Rather than walking the line between the conservative and the liberal, news organizations must present accurate coverage without upsetting audience expectations too much. That the news should be accurate seems simple enough, but what this study seems to indicate is that the perception of accuracy trumps the real thing. Up-end consumer's schema of the world and you're seen as unreliable. Get contradicted by a different news source and the same fate awaits.

As millions of dittoheads have known for years, it feels good to have your views endorsed and reinforced in print and over the airwaves. Add that maxim to the truth that violence, mayhem, and death are pretty cool to watch from the comfort of your sofa, and you have a recipe for profitable journalism.

For the Fourth Estate to really fulfill its role in our democracy, it should be shaking people loose from their preconceptions, not parroting them back. When the news seeks to bolster our perceptions of the world, and we in turn base our perceptions on what we see in the news, we can quickly find ourselves in a hall of mirrors in which our "reality" bears only the slightest resemblance to our neighbor's. Not only does this destroy "community" in any meaningful sense, it makes political discourse nearly impossible.

1 Comments:

At 11:17 AM, Blogger John F. Opie said...

Hi -

Oh, I see. The fact that most reporters are democrats doesn't mean anything.

I see. The "fake but accurate" dogma of the MSM really helps the public believe in the accuracy of what is being reported. The vociferous language of the press doesn't point to their bias, but rather to their independence. Hah!

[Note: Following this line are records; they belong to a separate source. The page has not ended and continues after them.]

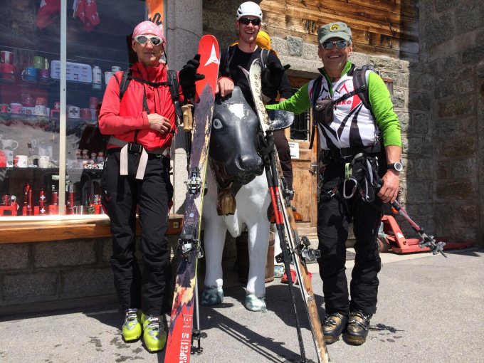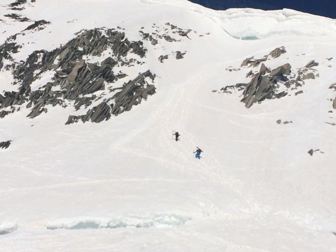 Start tiefenbach (2120 m) 5:15 +2 grad. Skitragen auf Wanderweg Richtung Albert-Heim bis 2400 m, dann durchgehend harte, tragende Oberfläche, harsteisen sind hilfreich. Geht momentan aber auch als sommertour mit Steigeisen, so jetzt auch definitiv besser als im Sommer, alle Spalten zu! Zustieg zum nordgrat etwas südlich vom skidepot ( dort gibt es kein marodes Seil mehr, sondern solide eisentritte, die den Übergang in die Felsen erleichtern (hilft bei offenem Schrund allerdings auch wenig...) gemacht, dort einfacher, aber objektiv gefährlicher, man bewegt sich unter der Wächte. Grat guter trittschnee. Abfahrt direkt vom Gipfel südseitig, sehr harte unterlage, gut fahrbar, sturz hat dort aber ernsthafte Konsequenzen! Abfahrt bis Belvedere möglich, erste Eisberge kommen aber hervor. Um 11 noch gut fahrbar.
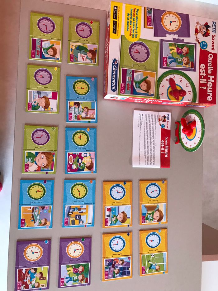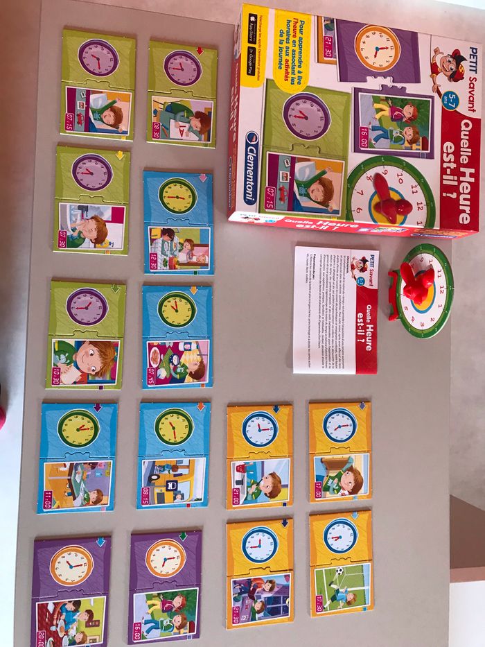 Pour apprendre l’heure et les moments de la journée. En très bon état
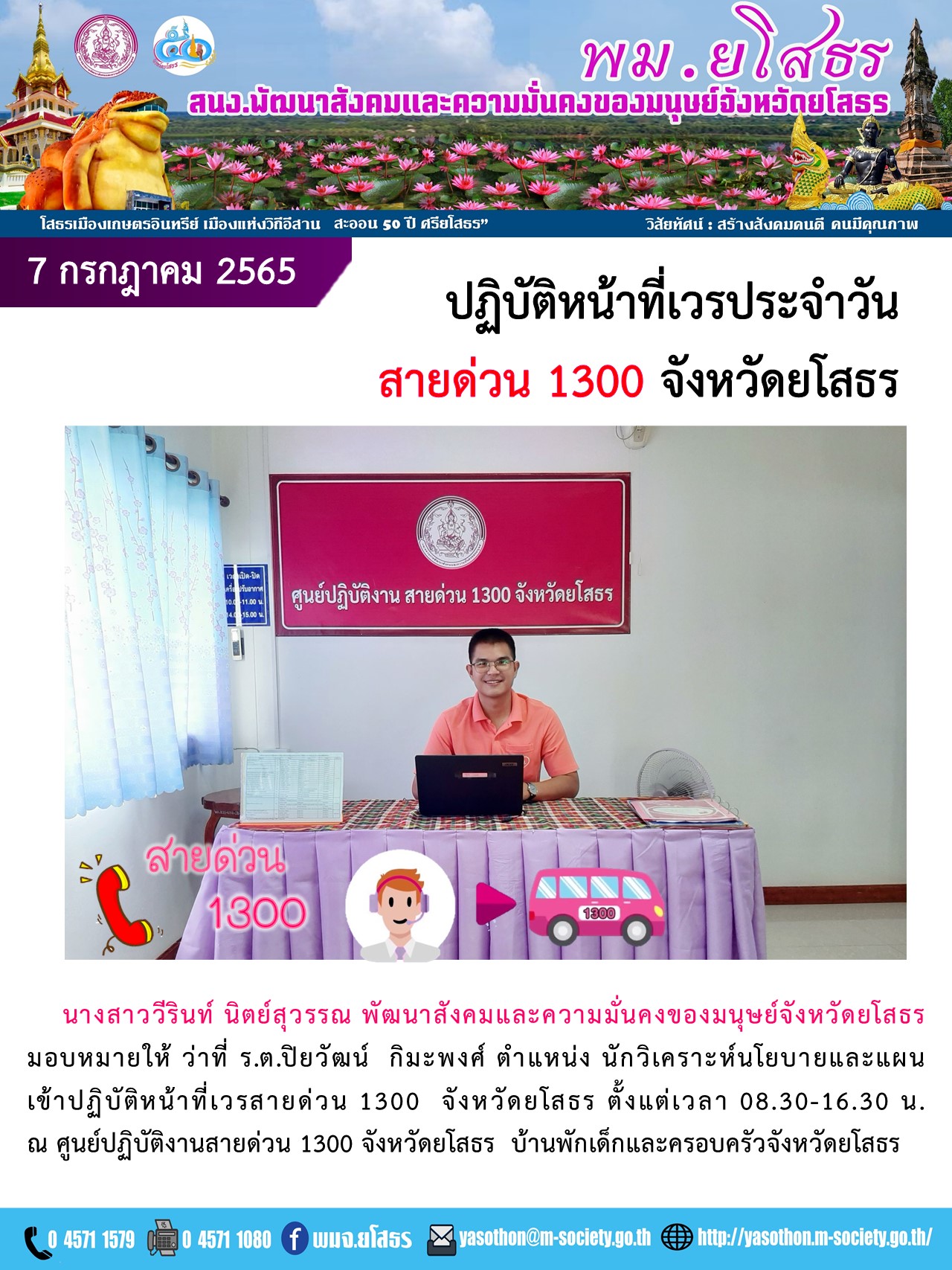 ปฏิบัติหน้าที่เวรประจำวันสายด่วน 1300 จังหวัดยโสธร (7 กรกฎาคม 2565)
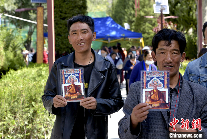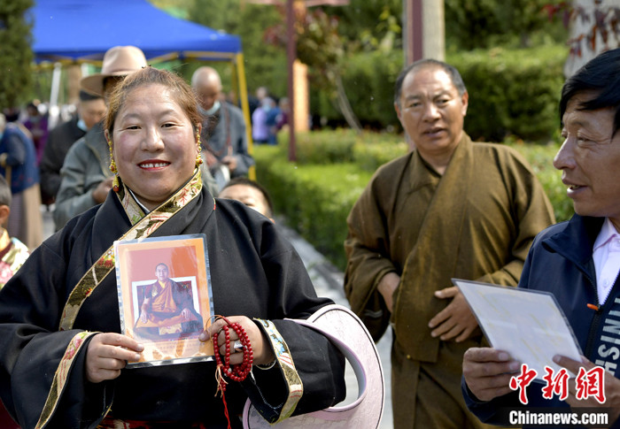 7月17日,信眾展示班禪法相照片。 中新社記者 李林 攝
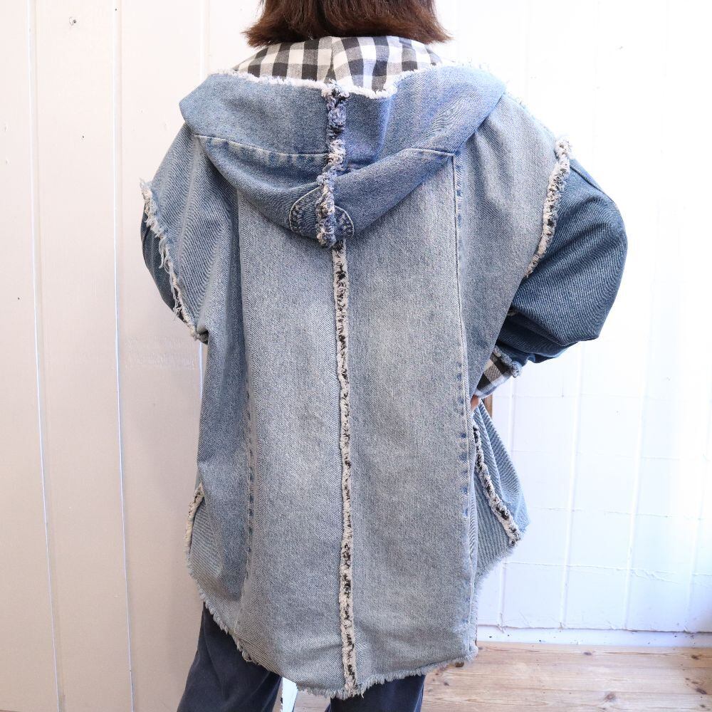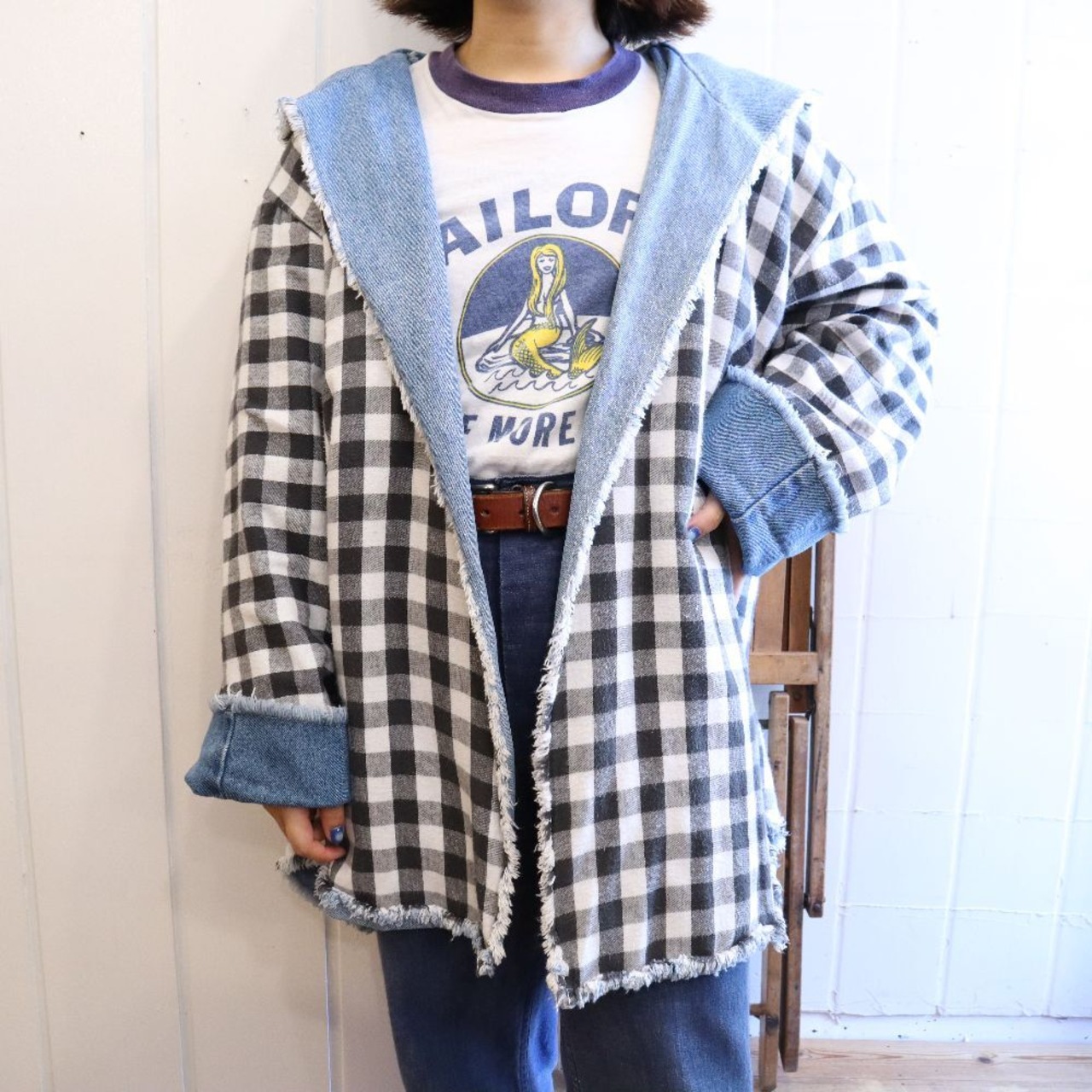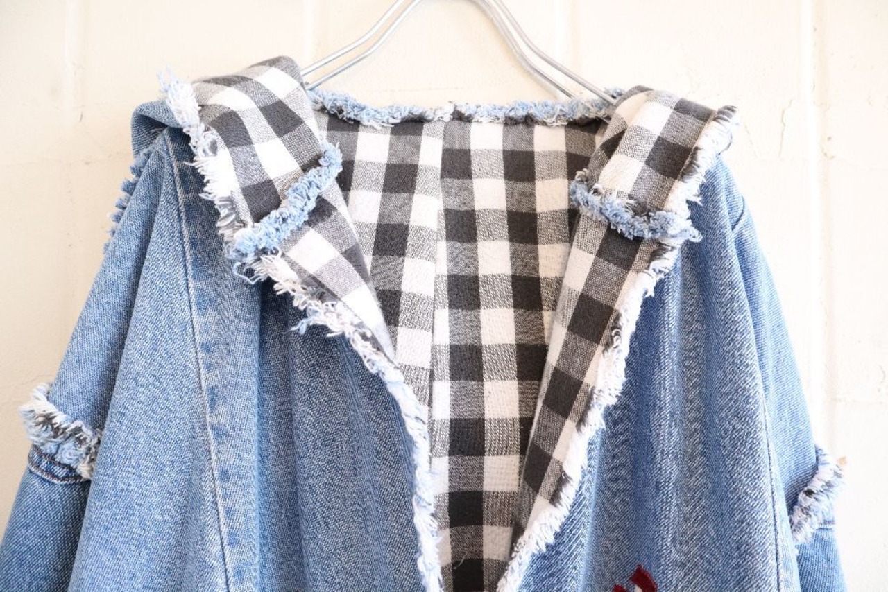 大きなフードとパッチ、ブラック×ホワイトのギンガムチェックが可愛いです♡

Right. The Fourth Estate has abjectly failed in its quest to change the world, shattering on the reality that most people really don't care about what is going on in the world. Making the news up in order to gain points with your peers is a really great way to further your career, but journalists are so incompetent and ignorant that they can't even write the news up, let along understand it.

The media is biased. The newspapers write that which readers buy the newspapers to read, but the reporters and the editors shape what appears on the page. The problem is that their perception of reality is that they are the ones who make reality: if it doesn't get published, maybe no one will noticed that it happened. The perception of reporters is that they are the ones making the news: if they don't report it, it never happened.

So when reality slaps them in the face - Hi, Dan - they don't understand that they are failing completely to understand that they don't make reality. And they are doing a massive disservice that is being rewarded in the marketplace: the reason that the MSM is doing so badly is that people are getting tired of second-rate reporting.